6. Challenges Faced & Insights Gained

6.1 Challenges

  1. Balancing Reconstruction vs KL
  2. If the KL term dominated too much early in training, reconstructions became almost meaningless (posterior collapse).
  3. If KL was too weak, the model over-fit reconstructions, but the latent space became less smooth and sampling quality degraded.

  4. Stability of Training

  5. With learning rates that were too high, training could oscillate and the validation loss would not improve.
  6. Using a moderate learning rate and tracking both train and validation curves helped detect overfitting and instability.

  7. Latent Dimension Choice

  8. Very low dimensional latent spaces (e.g., 2-D) are great for visualization but can limit reconstruction quality.
  9. Higher dimensional spaces improve reconstruction but require dimensionality reduction (PCA/t-SNE/UMAP) for visualization.

6.2 Insights

  • Trade-off between fidelity and structure:
    VAEs explicitly trade some reconstruction fidelity for a nicely structured, continuous latent space. This is visible in the smoother, blurrier outputs and the meaningful latent clusters.

  • Latent space as a semantic map:
    Even though the model is trained without labels, similar classes end up near each other in the latent space. This reinforces the idea that VAEs can learn a semantic representation of the dataset.

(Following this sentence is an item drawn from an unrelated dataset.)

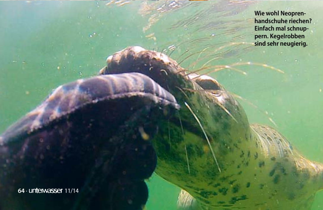
Wie wohl Neoprenhandschuhe riechen? Einfach mal schnuppern. Kegelrobber sind sehr neugierig.

benköpfe ringen. Noch bleiben sie auf Abstand, doch man ist nie allein. Während wir warten, sammeln wir ein paar Fossilien, suchen Donnerkeile und Ammoniten am Meeresgrund, ärgern Strandkrabben und Knieper, die herausfordernd ihre Scheren schwingen.

  • Sampling vs reconstruction:
    Good reconstructions do not automatically guarantee good samples. Monitoring both helped diagnose whether the latent space was actually well-aligned with the prior.


7. Extra Experiments: Autoencoder (AE) Baseline

For extra credit, I implemented a standard Autoencoder (AE) on the same dataset to compare with the VAE.

AE baseline visualizations:

AE — train
AE — val
AE — reconstructions

Comparison with VAE:

  • The AE generally produces sharper reconstructions than the VAE, especially for fine details, because it does not regularize the latent distribution to match a prior.
  • However, sampling from the AE is not straightforward: its latent space is not trained to follow a simple distribution like $$p(z) = \mathcal{N}(0, I) $$, so random latent vectors often decode to noisy or meaningless images.
  • The VAE, in contrast, offers slightly blurrier images but a much more usable latent space for generation and interpolation.

9. How to Reproduce

python -m venv env
source env/bin/activate  # Windows: env\Scripts\activate
pip install torch --index-url https://download.pytorch.org/whl/cpu
pip install pandas numpy matplotlib
jupyter notebook solution_exercises.ipynb

Running the notebook regenerates:

  • Training and validation curves
  • Reconstruction grids
  • Latent space plots
  • Prior samples
  • AE baseline figures (if the AE cell is run)

AI Use

AI tools were used to assist in the implementation and in drafting this report (structure, phrasing, and code suggestions). All code and analysis were reviewed and understood by me, and I am able to explain each part of the implementation and the conclusions drawn.